The route accepts websocket connexions. Exchanges are structured as followed:
- Client send a json {"config": {"sample_rate":16000}}.
- Client send audio chunk (go to 3- ) or {"eof" : 1} (go to 5-).
- Server send either a partial result {"partial" : "this is a "} or a final result {"text": "this is a transcription"}.
- Back to 2-
- Server send a final result and close the connexion.
Connexion will be closed and the worker will be freed if no chunk are received for 10s.
The /docs route offers a OpenAPI/swagger interface.
STT-Worker accepts requests with the following arguments:
file_path: str, with_metadata: bool
- file_path: Is the location of the file within the shared_folder. /.../SHARED_FOLDER/{file_path}
- with_metadata: If True, words timestamps and confidence will be computed and returned. If false, the fields will be empty.

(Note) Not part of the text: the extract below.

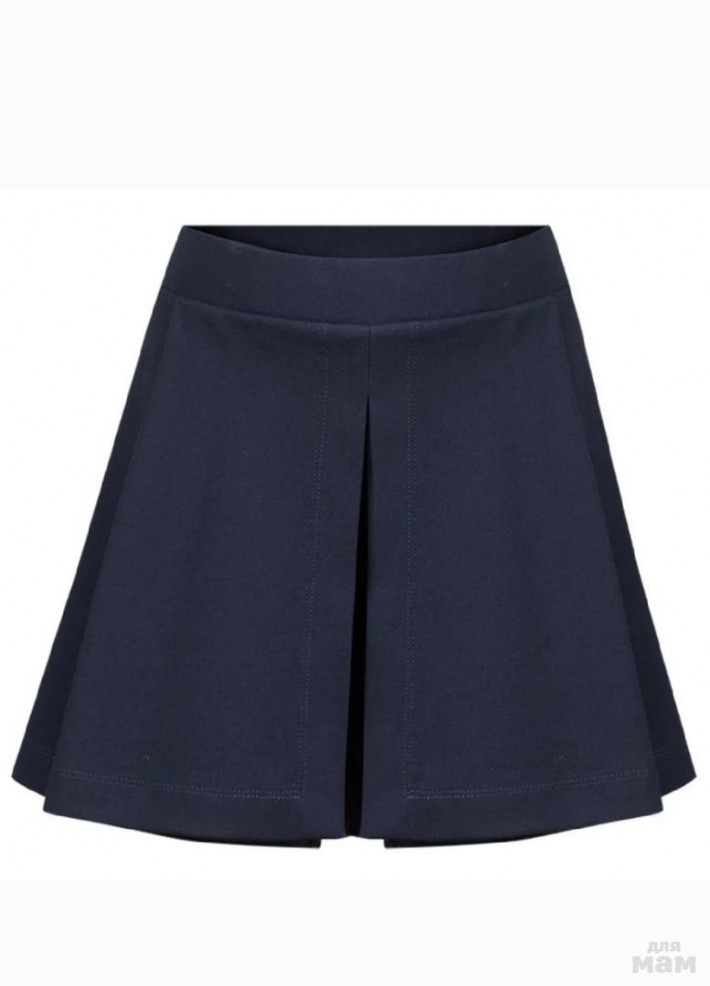 Хит школьной коллекции - темно-синие шорты-бермуды для девочки. Стильная модель на эластичном поясе с наклонными боковыми карманами. Декорированы эластичной лентой с тематическим принтом.

On a successfull transcription the returned object is a json object structured as follow:
{
"text" : "this is the transcription as text",
"words": [
{
"word" : "this",
"start": 0.0,
"end": 0.124,
"conf": 1.0
},
...
],
"confidence-score": ""
}
- The text field contains the raw transcription.
- The word field contains each word with their time stamp and individual confidence. (Empty if with_metadata=False)
- The confidence field contains the overall confidence for the transcription. (0.0 if with_metadata=False)
You can test you http API using curl:
curl -X POST "http://YOUR_SERVICE:YOUR_PORT/transcribe" -H "accept: application/json" -H "Content-Type: multipart/form-data" -F "file=@YOUR_FILE;type=audio/x-wav"
This project is developped under the AGPLv3 License (see LICENSE).